**Records for this exercise**
-----
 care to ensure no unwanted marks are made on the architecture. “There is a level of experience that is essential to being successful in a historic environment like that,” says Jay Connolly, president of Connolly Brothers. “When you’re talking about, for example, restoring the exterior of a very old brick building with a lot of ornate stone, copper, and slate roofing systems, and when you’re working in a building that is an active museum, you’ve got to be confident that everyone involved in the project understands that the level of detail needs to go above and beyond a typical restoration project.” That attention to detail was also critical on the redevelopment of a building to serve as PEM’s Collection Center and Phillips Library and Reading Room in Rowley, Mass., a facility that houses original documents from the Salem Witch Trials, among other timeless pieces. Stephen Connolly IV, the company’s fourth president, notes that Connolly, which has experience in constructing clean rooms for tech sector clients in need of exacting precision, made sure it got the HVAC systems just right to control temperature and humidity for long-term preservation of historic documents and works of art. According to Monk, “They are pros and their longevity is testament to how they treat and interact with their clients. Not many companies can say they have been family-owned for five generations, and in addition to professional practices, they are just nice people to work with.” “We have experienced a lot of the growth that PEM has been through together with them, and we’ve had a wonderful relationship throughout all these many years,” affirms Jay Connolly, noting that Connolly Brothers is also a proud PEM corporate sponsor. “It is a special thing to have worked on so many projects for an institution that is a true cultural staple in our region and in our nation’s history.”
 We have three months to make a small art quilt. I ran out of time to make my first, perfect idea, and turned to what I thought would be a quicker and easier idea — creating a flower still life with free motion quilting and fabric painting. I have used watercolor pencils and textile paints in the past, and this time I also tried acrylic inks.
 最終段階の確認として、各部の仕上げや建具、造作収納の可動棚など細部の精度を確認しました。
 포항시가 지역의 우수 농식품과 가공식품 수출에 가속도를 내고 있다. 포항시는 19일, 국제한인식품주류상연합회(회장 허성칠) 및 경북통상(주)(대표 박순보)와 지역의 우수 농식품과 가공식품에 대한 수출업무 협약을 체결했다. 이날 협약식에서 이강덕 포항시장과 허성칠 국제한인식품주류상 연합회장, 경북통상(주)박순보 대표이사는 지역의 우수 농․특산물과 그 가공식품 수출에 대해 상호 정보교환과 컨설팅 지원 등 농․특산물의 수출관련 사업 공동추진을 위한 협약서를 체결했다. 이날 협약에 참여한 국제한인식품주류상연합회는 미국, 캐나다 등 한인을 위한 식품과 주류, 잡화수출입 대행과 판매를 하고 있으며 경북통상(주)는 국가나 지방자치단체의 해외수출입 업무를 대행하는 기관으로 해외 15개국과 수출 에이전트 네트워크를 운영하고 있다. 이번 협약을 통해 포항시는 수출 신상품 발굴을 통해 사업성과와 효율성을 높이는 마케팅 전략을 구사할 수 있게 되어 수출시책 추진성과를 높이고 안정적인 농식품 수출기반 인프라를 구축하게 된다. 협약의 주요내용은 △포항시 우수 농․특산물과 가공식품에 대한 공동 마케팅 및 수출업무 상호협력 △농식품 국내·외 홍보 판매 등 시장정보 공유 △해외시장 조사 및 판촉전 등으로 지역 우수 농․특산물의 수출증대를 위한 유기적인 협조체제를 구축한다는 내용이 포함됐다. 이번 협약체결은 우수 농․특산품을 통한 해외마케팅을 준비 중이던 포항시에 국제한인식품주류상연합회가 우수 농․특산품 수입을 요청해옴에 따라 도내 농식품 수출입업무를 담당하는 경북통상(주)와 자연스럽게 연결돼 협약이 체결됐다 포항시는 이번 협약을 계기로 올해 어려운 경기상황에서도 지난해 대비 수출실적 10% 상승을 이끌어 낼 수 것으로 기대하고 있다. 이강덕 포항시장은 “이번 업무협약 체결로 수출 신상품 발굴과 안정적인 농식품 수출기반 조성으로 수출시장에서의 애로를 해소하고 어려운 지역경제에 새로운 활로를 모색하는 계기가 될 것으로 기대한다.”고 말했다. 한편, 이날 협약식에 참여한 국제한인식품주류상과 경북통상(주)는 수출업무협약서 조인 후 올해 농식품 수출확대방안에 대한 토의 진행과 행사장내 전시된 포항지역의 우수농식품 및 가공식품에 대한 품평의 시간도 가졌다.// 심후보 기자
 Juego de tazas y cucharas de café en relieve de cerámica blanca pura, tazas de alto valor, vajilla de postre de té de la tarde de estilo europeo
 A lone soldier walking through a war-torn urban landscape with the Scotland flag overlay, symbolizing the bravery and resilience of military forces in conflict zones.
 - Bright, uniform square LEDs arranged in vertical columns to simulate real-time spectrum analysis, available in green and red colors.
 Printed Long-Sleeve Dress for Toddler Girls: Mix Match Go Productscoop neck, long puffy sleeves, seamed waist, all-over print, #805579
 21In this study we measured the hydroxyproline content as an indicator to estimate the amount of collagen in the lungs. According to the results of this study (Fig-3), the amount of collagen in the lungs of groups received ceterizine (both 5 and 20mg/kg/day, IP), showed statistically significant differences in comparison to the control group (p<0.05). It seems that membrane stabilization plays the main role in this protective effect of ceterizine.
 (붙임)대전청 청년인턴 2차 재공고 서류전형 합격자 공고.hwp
-----
**Task statement**
Read the listing. Report every line that includes the word "According".

**Solution for this exercise**
 care to ensure no unwanted marks are made on the architecture. “There is a level of experience that is essential to being successful in a historic environment like that,” says Jay Connolly, president of Connolly Brothers. “When you’re talking about, for example, restoring the exterior of a very old brick building with a lot of ornate stone, copper, and slate roofing systems, and when you’re working in a building that is an active museum, you’ve got to be confident that everyone involved in the project understands that the level of detail needs to go above and beyond a typical restoration project.” That attention to detail was also critical on the redevelopment of a building to serve as PEM’s Collection Center and Phillips Library and Reading Room in Rowley, Mass., a facility that houses original documents from the Salem Witch Trials, among other timeless pieces. Stephen Connolly IV, the company’s fourth president, notes that Connolly, which has experience in constructing clean rooms for tech sector clients in need of exacting precision, made sure it got the HVAC systems just right to control temperature and humidity for long-term preservation of historic documents and works of art. According to Monk, “They are pros and their longevity is testament to how they treat and interact with their clients. Not many companies can say they have been family-owned for five generations, and in addition to professional practices, they are just nice people to work with.” “We have experienced a lot of the growth that PEM has been through together with them, and we’ve had a wonderful relationship throughout all these many years,” affirms Jay Connolly, noting that Connolly Brothers is also a proud PEM corporate sponsor. “It is a special thing to have worked on so many projects for an institution that is a true cultural staple in our region and in our nation’s history.”
 21In this study we measured the hydroxyproline content as an indicator to estimate the amount of collagen in the lungs. According to the results of this study (Fig-3), the amount of collagen in the lungs of groups received ceterizine (both 5 and 20mg/kg/day, IP), showed statistically significant differences in comparison to the control group (p<0.05). It seems that membrane stabilization plays the main role in this protective effect of ceterizine.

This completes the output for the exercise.